“Doortrekken maar!” is een prentenboek dat bedoeld is voor peuters van 2 tot 4 jaar. Kinderen in deze leeftijdscategorie zijn bezig met zindelijk worden en hebben meer dan eens moeite met poepen op de wc. Vaak heeft dit te maken met angst. Dit kan zijn: angst voor het poepen zelf, angst voor de wc, het wegspoelen van iets van henzelf of het geluid van het doorspoelen. Bij sommige kinderen is de angst zo groot dat ze hun ontlasting proberen op te houden. Daardoor komt obstipatie of verstopping vaak voor bij peuters.
Tijdens mijn werk als pedagogisch medewerker op het kinderdagverblijf merkte ik dat veel kinderen meer moeite hadden met poepen dan met plassen op het toilet. Ook mijn eigen kinderen hadden er alle drie moeite mee en daarom tekende ik de eerste versie van dit boekje voor hen. Later leende ik het boekje regelmatig uit aan ouders van peuters op mijn werk. Elke keer had het een positief effect. Er zijn 101 boekjes over op het potje of de wc plassen. Maar over poepen is minder te vinden, vandaar dat ik besloot om dit boek uit te geven.
Het verhaal wordt met humor verteld door schattig ogende poepfiguurtjes. Ze vertellen dat iedereen poept, ieder mens en ieder dier. Ze vertellen op een eenvoudige manier hoe ze ontstaan (alles wat je eet wordt door je buik omgetoverd in een poepie), en waar ze goed in zijn (zwemmen en stinken!). Ook vertellen ze over hun probleem; dat sommige kinderen hun poep ophouden of alleen in een luier willen poepen en wat daar de consequenties van zijn (pijn in je buik en harde poep). Wanneer ze in een luier belanden kunnen ze niet naar het riool… Er wordt uitgelegd wat het riool is; een zwembad voor poepies, onder de grond.
Door deze uitleg krijgen peuters een beeld bij wat er gebeurt als je de wc doortrekt. Dit helpt ze minder angstig te zijn. De wc is niet meer eng, maar een leuke waterglijbaan naar het zwembad. De poep is niet meer “lastig” of “eng”, maar juist “lief.” De kinderen krijgen er sympathie voor en gunnen het hun “poepie” om te kunnen zwemmen in het riool. Voor veel kinderen is dit genoeg om de angst te laten verdwijnen.

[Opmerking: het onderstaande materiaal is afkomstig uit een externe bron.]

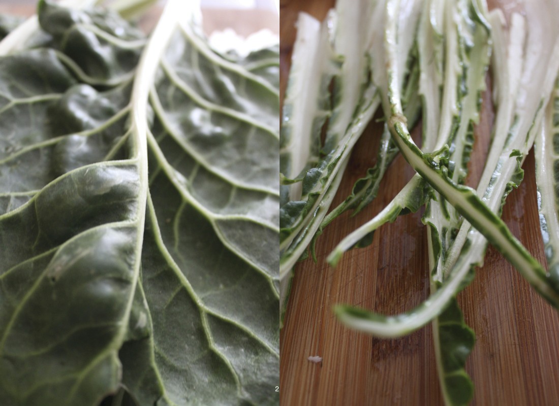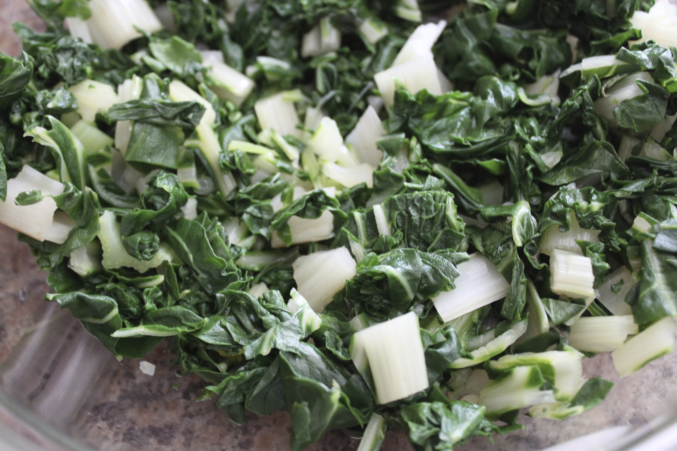 Trim the ends of the swiss chard and rinse thoroughly.  Separate the leaves from the stems reserving both.  Roughly chop the stems.  Prepare a large bowl of ice water and set aside.

Nog enkele tips: het belangrijkste is het om geduldig en ondersteunend te zijn tijdens de zindelijkheidstraining. Moedig je peuter aan om het toilet te gebruiken, maar oefen geen druk uit. Geef positieve feedback en beloningen voor het proberen. Op deze pagina kun je een beloningskaart met poepies downloaden.
Praat met je peuter over het verhaal in dit boekje. Trek samen het toilet door en vertel dat het poepie nu lekker mag zwemmen in het riool bij zijn vriendjes. Onderzoek samen zijn/haar buikje, zouden er poepies in zitten? Zitten die dan ook zo op elkaar gestapeld net als in het verhaal? Mogen ze eruit om doorgespoeld te worden?
Bedenk dat ieder kind anders is en zijn of haar eigen tempo bij zindelijkheidstraining heeft. Geduld, begrip en positieve
ondersteuning zijn vaak de sleutel tot het omgaan met poepproblemen bij peuters. Raadpleeg altijd een arts als je je zorgen maakt over de gezondheid van je kind.